++++ Records for this exercise

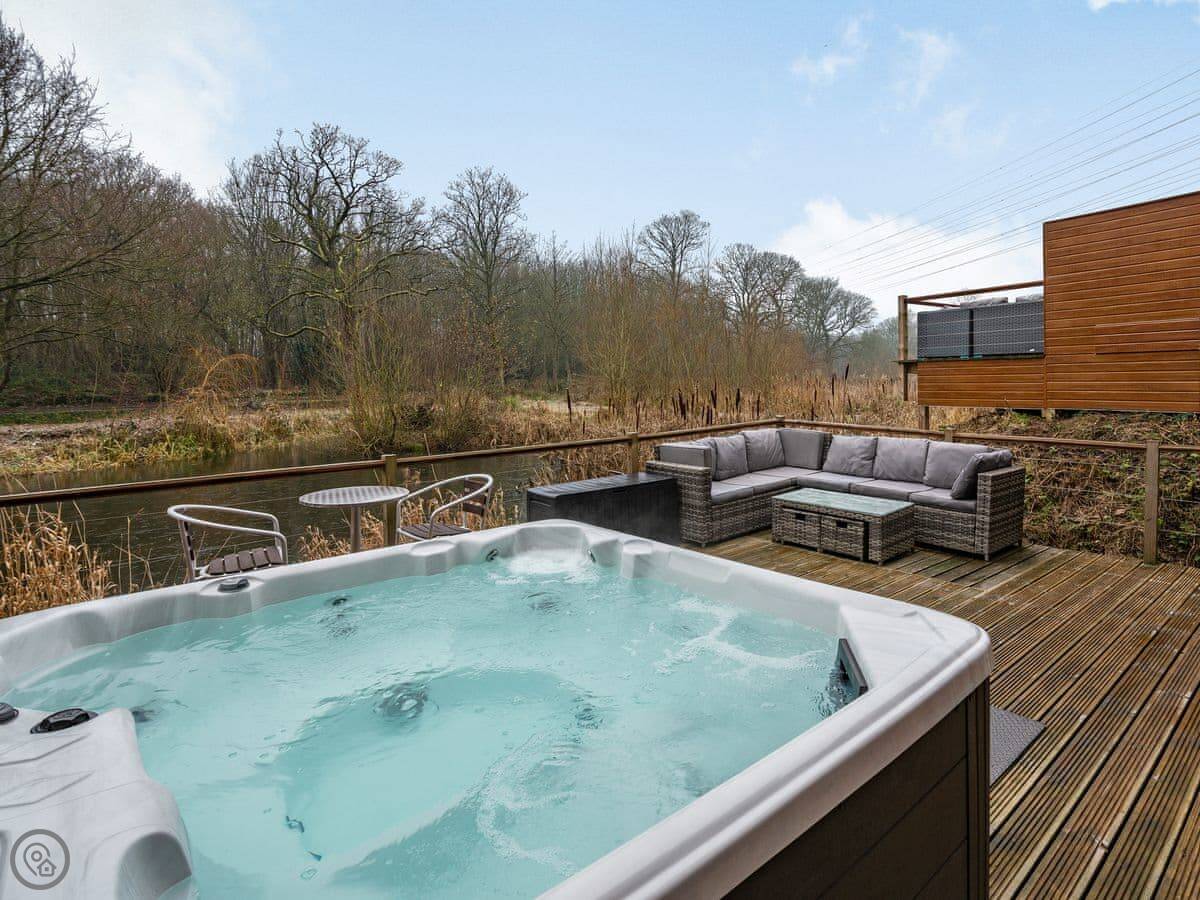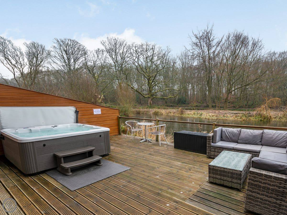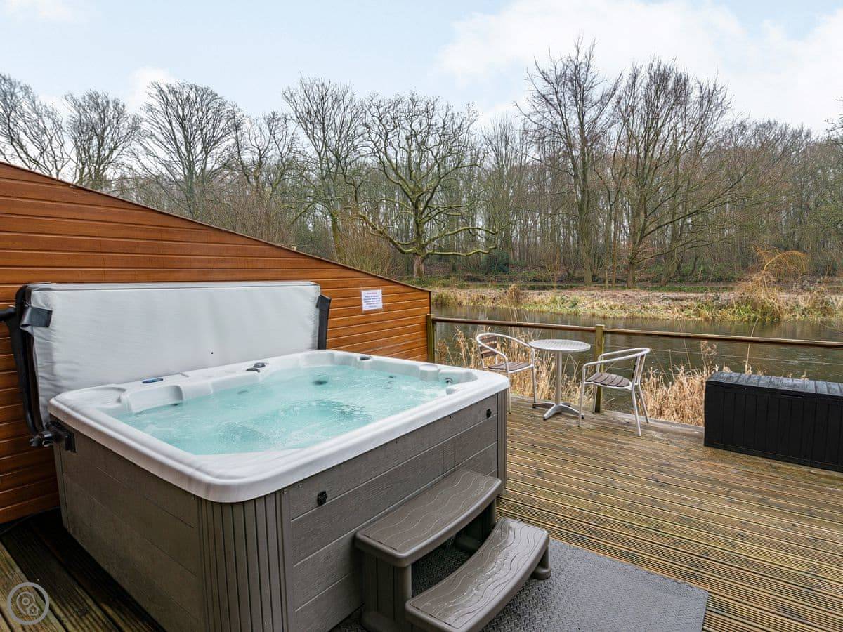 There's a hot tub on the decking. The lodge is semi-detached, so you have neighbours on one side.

++++++++
++++ Records for this exercise

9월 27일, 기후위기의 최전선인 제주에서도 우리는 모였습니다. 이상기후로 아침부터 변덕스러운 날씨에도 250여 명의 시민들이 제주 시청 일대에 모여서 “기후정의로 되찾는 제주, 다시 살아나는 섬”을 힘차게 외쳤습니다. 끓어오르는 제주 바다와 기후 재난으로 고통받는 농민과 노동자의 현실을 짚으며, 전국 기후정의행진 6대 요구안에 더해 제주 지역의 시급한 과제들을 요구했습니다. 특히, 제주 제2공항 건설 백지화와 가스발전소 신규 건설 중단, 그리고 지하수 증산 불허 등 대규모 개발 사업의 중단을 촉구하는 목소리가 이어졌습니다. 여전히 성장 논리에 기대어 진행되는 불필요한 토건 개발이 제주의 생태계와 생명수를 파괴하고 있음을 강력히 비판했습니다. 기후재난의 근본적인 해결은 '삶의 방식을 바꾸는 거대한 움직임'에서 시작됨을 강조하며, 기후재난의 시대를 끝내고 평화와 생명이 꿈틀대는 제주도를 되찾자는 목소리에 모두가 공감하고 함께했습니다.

++++++++
++++ Records for this exercise

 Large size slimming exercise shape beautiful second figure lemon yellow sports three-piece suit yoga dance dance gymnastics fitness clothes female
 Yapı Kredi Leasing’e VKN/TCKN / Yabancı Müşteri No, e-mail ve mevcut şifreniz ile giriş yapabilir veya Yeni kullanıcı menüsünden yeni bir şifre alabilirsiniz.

++++++++

* [What you are asked to do]
The entries above hold the needed span. Transcribe exactly the lines from the one with "Large size slimming" to the one with "Yapı Kredi Leasing’e", both included.

* [Output]
 Large size slimming exercise shape beautiful second figure lemon yellow sports three-piece suit yoga dance dance gymnastics fitness clothes female
 Yapı Kredi Leasing’e VKN/TCKN / Yabancı Müşteri No, e-mail ve mevcut şifreniz ile giriş yapabilir veya Yeni kullanıcı menüsünden yeni bir şifre alabilirsiniz.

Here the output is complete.